PROBLEM DETAILS:
Output only the lines of the entries that follow, starting at the one with "En el exterior, la" and running down to the one with "PAN Couple walking", both included and unchanged.

DATA EXTRACTS:
================
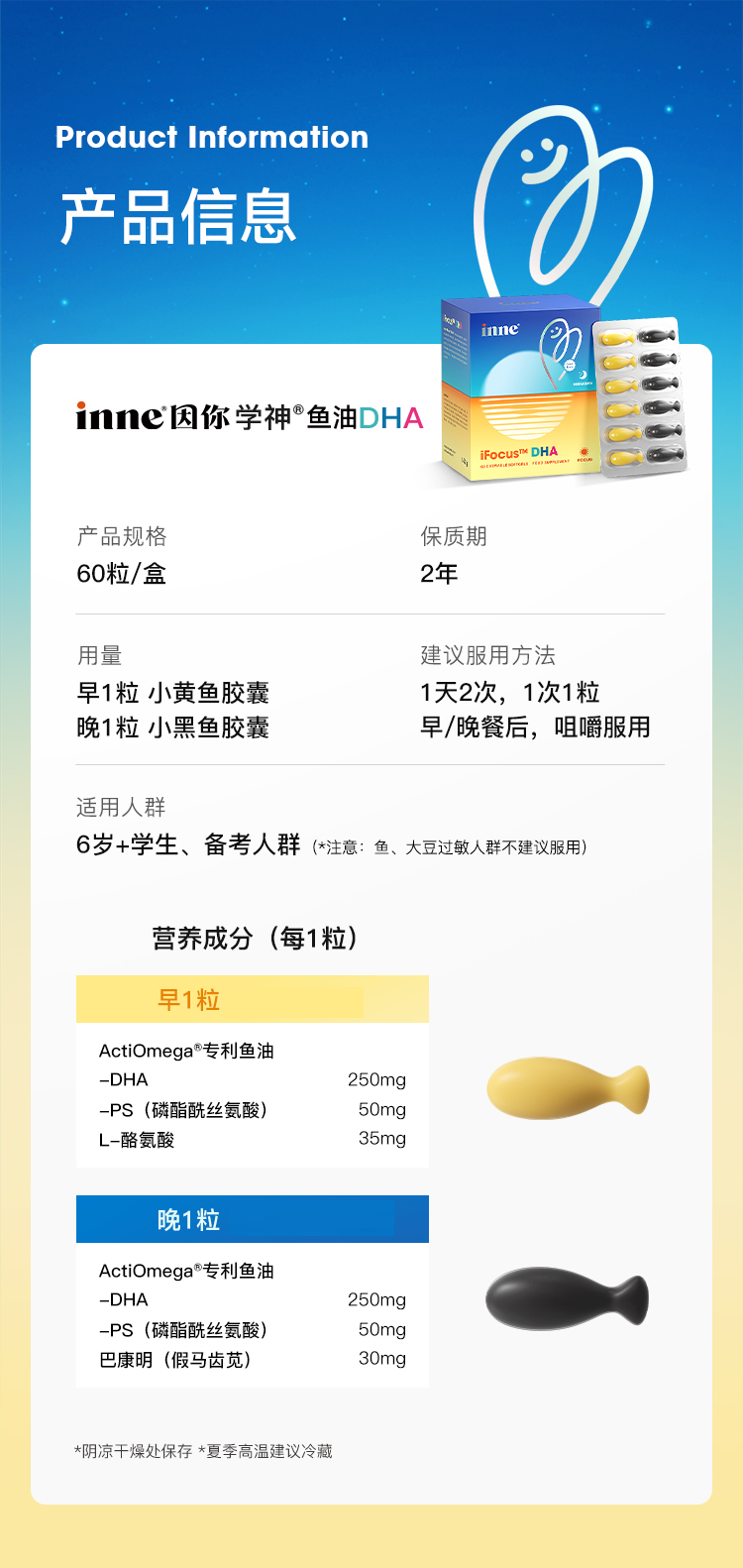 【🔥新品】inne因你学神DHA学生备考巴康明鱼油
================
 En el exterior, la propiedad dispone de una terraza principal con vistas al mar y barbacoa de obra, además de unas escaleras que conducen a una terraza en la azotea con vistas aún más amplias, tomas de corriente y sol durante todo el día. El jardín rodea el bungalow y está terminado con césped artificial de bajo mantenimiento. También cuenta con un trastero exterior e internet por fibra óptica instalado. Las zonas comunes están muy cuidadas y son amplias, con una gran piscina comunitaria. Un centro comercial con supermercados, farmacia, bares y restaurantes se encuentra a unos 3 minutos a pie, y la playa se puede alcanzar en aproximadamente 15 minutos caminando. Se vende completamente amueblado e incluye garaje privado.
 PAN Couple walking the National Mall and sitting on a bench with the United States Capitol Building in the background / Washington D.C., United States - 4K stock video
================
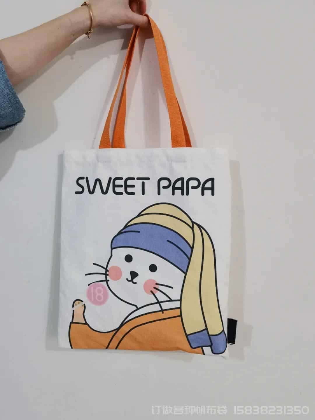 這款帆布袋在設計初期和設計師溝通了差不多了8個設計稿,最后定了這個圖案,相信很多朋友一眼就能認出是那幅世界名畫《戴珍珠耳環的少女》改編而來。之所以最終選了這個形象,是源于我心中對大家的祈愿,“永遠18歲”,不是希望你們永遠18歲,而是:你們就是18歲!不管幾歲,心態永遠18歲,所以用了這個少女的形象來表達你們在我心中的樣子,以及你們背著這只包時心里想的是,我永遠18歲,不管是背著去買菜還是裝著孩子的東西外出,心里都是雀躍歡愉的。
================
RESULT FOR THIS TASK:
 En el exterior, la propiedad dispone de una terraza principal con vistas al mar y barbacoa de obra, además de unas escaleras que conducen a una terraza en la azotea con vistas aún más amplias, tomas de corriente y sol durante todo el día. El jardín rodea el bungalow y está terminado con césped artificial de bajo mantenimiento. También cuenta con un trastero exterior e internet por fibra óptica instalado. Las zonas comunes están muy cuidadas y son amplias, con una gran piscina comunitaria. Un centro comercial con supermercados, farmacia, bares y restaurantes se encuentra a unos 3 minutos a pie, y la playa se puede alcanzar en aproximadamente 15 minutos caminando. Se vende completamente amueblado e incluye garaje privado.
 PAN Couple walking the National Mall and sitting on a bench with the United States Capitol Building in the background / Washington D.C., United States - 4K stock video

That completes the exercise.